A positive diagnosis of HIV infection can be made with several types of tests, including virus culture, antibody testing, and polymerase chain reaction (PCR). Generally, HIV infection is diagnosed by showing that specific antibodies fighting the infection are present in the blood. Antibodies against HIV are usually detectable approximately 25 days after infection, and nearly all infected individuals are HIV antibody-positive after 12 weeks.
One of the major reasons antiretroviral treatment of HIV infections has not been more successful is the development of drug-resistant HIV strains in patients during therapy. Identifying such strains early can help improve the effectiveness of treatment.
False-negative tests can arise because it may take several weeks after initial infection for the body to produce antibodies. Rapid tests can generate results in less than 30 minutes, analyzing blood, saliva, or urine.
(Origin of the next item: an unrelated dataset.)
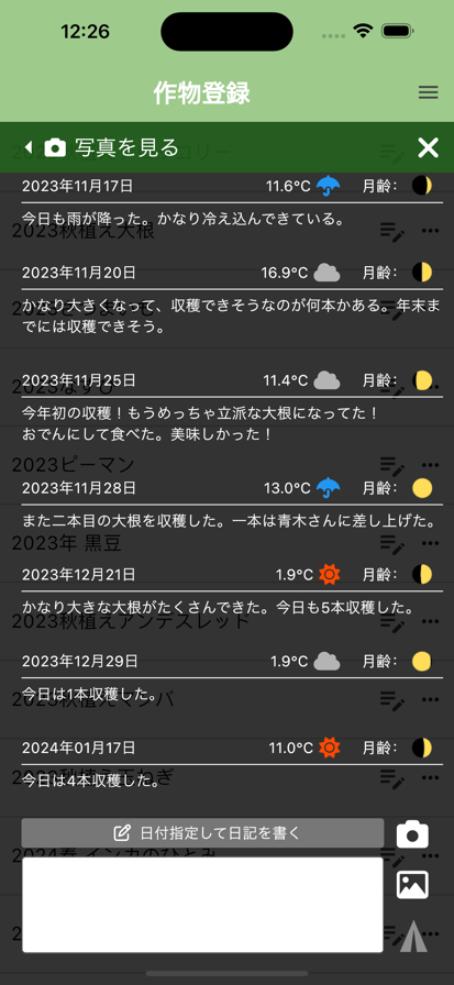 いつ、どこに、何を、どれだけ植えたのかすぐにわかる畑・家庭菜園の管理アプリです。 過去の状態を平面図として残せるので、連作防止の確認に使ったり、これから植える作物の場所を考えたりするのに使えます。 写真とテキストで日々の栽培記録をつけ、あなたの農ライフをより充実したものにしてください。 ・畑画面に自由に畝や作物を配置して、あなたの畑のどこに何が植えられているのか一目でわかります。 ・植えた作物にはアイコンを設定できます。 ・栽培日記をつけることができます。 ・やることリストを登録してリマインダー通知することができます。 ・収穫量を記録することができます。 ・一年間いつからいつまで何を植えたのかを一目で確認できます。 ・アプリからカメラを起動して、写真を素早く撮ることができます。 ・iPadやiPhoneの画像ギャラリーから写真をアップロードすることもできます。 ・作物ごとに記録をつけることができ、写真も作物ごとに管理できます。 ・チャット画面のような記録画面で、過去の記録も追いやすくなっています。 ・作物ごとに種の費用や肥料の費用などを記録しておくことができます。 ・天気、気温、月齢が自動的に記録されます。 ・カレンダーから日付を選ぶと、その日の畑の様子を確認できます。 ・ギャラリー画面で全ての写真を見ることもできます。 画面を広く使えるため、iPadでの使用を推奨しています。 - 利用規約 - https://www.apple.com/legal/internet-services/itunes/dev/stdeula/

In 1987, AZT (zidovudine, Retrovir) became the first anti-HIV drug approved by the Food and Drug Administration (FDA). It blocks the activity of the critical HIV enzyme needed to make new virus particles, restricting the virus's ability to replicate. Unlike bacteriocidal antibiotics, which can kill certain infectious bacteria, anti-HIV therapy is bacteriostatic, and only limits production of new virus—it doesn't kill the virus that's already there.
AZT therapy helped HIV-infected patients live longer with fewer opportunistic infections because it helped to reduce viral load. However, drug resistance and side effects limited AZT therapy. Common side effects included nausea, vomiting, headache, fatigue, weakness, and/or muscle pain. Other side effects included inflammation, insomnia, and kidney disorders. Possibly the best application of AZT was its use during pregnancy as a way to reduce the risk of HIV being passed from mother to child.
Effective therapy against HIV is complex and requires that patients take several different drugs at very specific times. Some have to be taken with food, some on an empty stomach. This is one of the reasons why it is difficult to deliver effective therapy in undeveloped countries.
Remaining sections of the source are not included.